Tengo un vicio por comprar libretas. Desde que tengo memoria consciente, pocos objetos han sido capaces de despertar en mí tal fascinación como lo que consigue cualquier tipo de cuaderno que conserve sus hojas intactas. ¿La razón? Mucho tiempo creí que no era más que un gusto motivado por la misma irracionalidad que invade a cualquier coleccionista, despertando en él el deseo de acumular cada vez más y más piezas para acrecentar su colección. O bien, parecía razonable creer que quizás me cautivaba simplemente el objeto por sí mismo, sin mayor explicación o fundamento detrás. Sin embargo, mientras esperaba en la fila para pagar por mi nueva y cuadriculada adquisición, caí en la cuenta de que lo que en realidad me ha atraído durante todos estos años no es más que la infinita libertad que ofrecen sus hojas en blanco.
Si nos preguntamos ¿Qué tienen en común los apasionados poemas de Bécquer, los emotivos nocturnos de Chopin, los ensayos que describen la epistemología de Kant, el Tratado de Versalles y una meticulosamente ordenada lista de supermercado? Resulta que todas ellas, en su estado primigenio, no fueron más que una hoja en blanco. Y es que un pedazo de papel nuevo es la mejor representación de la absoluta posibilidad, pues abre ante nosotros una infinita gama de alternativas a la espera de ser desarrolladas, siendo el punto de partida que permite con igualdad de probabilidad el escribir el pensamiento más absurdo y banal como discernir el sentido mismo de nuestra existencia.
El profanar con tinta la blancura de una página es quizás el reto más difícil, pues si bien pocas situaciones entusiasman al ser humano tanto como los comienzos – pues atrapa en sí todos los caminos posibles por recorrer – el esgrimir el primer trazo fija el curso que se habrá de seguir hasta el final, acotando así el propósito de la hoja hacia un objetivo en específico, condenándonos así a renunciar a la libertad que nos fue ofrecida en un principio.
Una hoja en blanco no es más que una metáfora de la vida del ser humano, en la que cada día representa un conjunto infinito de posibilidades sobre las que constantemente tenemos que decidir.
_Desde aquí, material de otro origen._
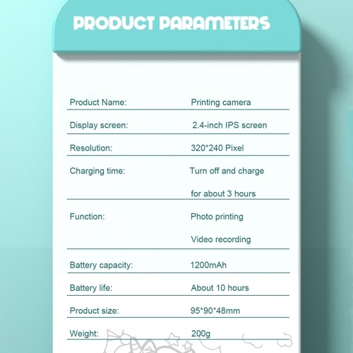 Durable Battery and Included Consumables: The camera features an 1200mAh built-in lithium battery, offering up to 10hrs of shooting time. The package also includes 3 rolls of consumables, ensuring uninterrupted printing of your child's favorite memories.

Es cierto que muchas veces parece más atractiva la idea de solo contemplar nuestro yo potencial vertido en la inmensa promesa del puede ser, y nos aterra pensar que la elección tomada nos condicione a un destino del cual no habrá marcha atrás. Sin embargo, decidir implica avanzar tanto como escribir nos lleva a crear, permitiendo que nuestra vida se encause hacia su plena realización, llevándola a construir su propia historia. Y es entonces que aparece irremediablemente ante nosotros la pregunta ¿Qué es más tormentoso? ¿Atrevernos a tomar la pluma ateniéndonos a las consecuencias o sentenciarnos a vivir en la eterna interrogante del qué hubiera sido?